What makes these categories especially useful is that they are not isolated perks. They work best when they reinforce one another and are considered as part of the daily experience of the building. That does not mean every property needs to deliver all of them at once. In many cases, the more realistic approach is to prioritize the features that address the most immediate needs of the workplace and integrate others over time. The strongest amenity strategies are not always the most extensive; they are the ones that make the office feel more functional, more supportive, and more aligned with how people actually work [1], [3], [14].

This is also why amenity planning should not be treated as a separate layer added after the main workplace strategy is already set. Amenities are most effective when they are considered as part of the broader experience of the building; how people arrive, where they can focus, how they take breaks, how they move, and where they connect. Seen in that light, amenities become less about image and more about creating a workplace that people can use well over time [2], [3], [15].

 

References

[1] Gensler, “The Top 10 Things Employees Value Inside and Beyond the Office,” Feb. 27, 2026.
[2] CBRE, 2025 Americas Office Occupier Sentiment Survey, 2025.
[3] JLL, “Three amenities owners are adding to office buildings,” 2025.
[4] A. Naicker, A. Shrestha, C. Joshi, W. Willett, and D. Spiegelman, “Workplace cafeteria and other multicomponent interventions to promote healthy eating among adults: A systematic review,” Preventive Medicine Reports, vol. 22, 2021.
[5] Centers for Disease Control and Prevention, “Food Service Guidelines,” Jan. 8, 2024.
[6] International WELL Building Institute, “Nourishment,” WELL Standard, 2026.
[7] International WELL Building Institute, “Drinking water promotion,” WELL Standard, 2026.
[8] L. Geboers, S. K. Djojosoeparto, F. C. Rongen, and M. P. Poelman, “The role of the workplace food environment in eating behaviors of employees at small and medium-sized enterprises: a qualitative study in the Netherlands,” BMC Public Health, 2025.
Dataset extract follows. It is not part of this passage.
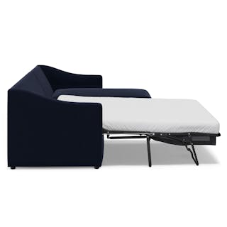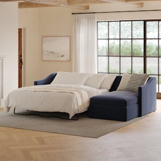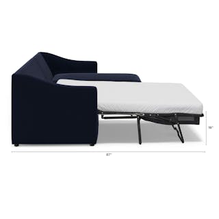 A minimal look with maximum impact... and maximum function. The Landry Sofa Bed marries laid back comfort with elegant details to produce a sofa that is as comfortable hosting movie night as it is your in-laws. Sloping sleigh-style arms and clean, straight lines make it simple to pair this sofa with many styles. With a spacious chest hidden below its chaise seat, and pull-out memory foam mattress, this sofa bed is compact, functional, and comfortable. Almost too comfortable.

[9] H. Kalmanovich-Cohen and S. J. Stanton, “Leveraging quiet: The power of choosing your workspace,” Industrial and Organizational Psychology, vol. 17, 2024.

[10] F. Tuz-Johora and I.-S. Kim, “An Analysis of Restorative Space Design Standards Through a Theory-Based Framework,” Architectural Research, vol. 28, no. 2, 2026.

[11] World Green Building Council, Health, Wellbeing and Productivity in Offices: The Next Chapter for Green Building, 2014.

[12] International WELL Building Institute, WELL Building Standard v2, Sound and Mind concepts, 2026.

[13] Centers for Disease Control and Prevention, “Employers,” Active People, Healthy Nation, Sep. 29, 2025.
[14] International WELL Building Institute, WELL Building Standard v2, 2026.

[15] M. Hu, N. Kok, and J. Palacios, “Tenant Satisfaction and Commercial Building Performance,” 2023.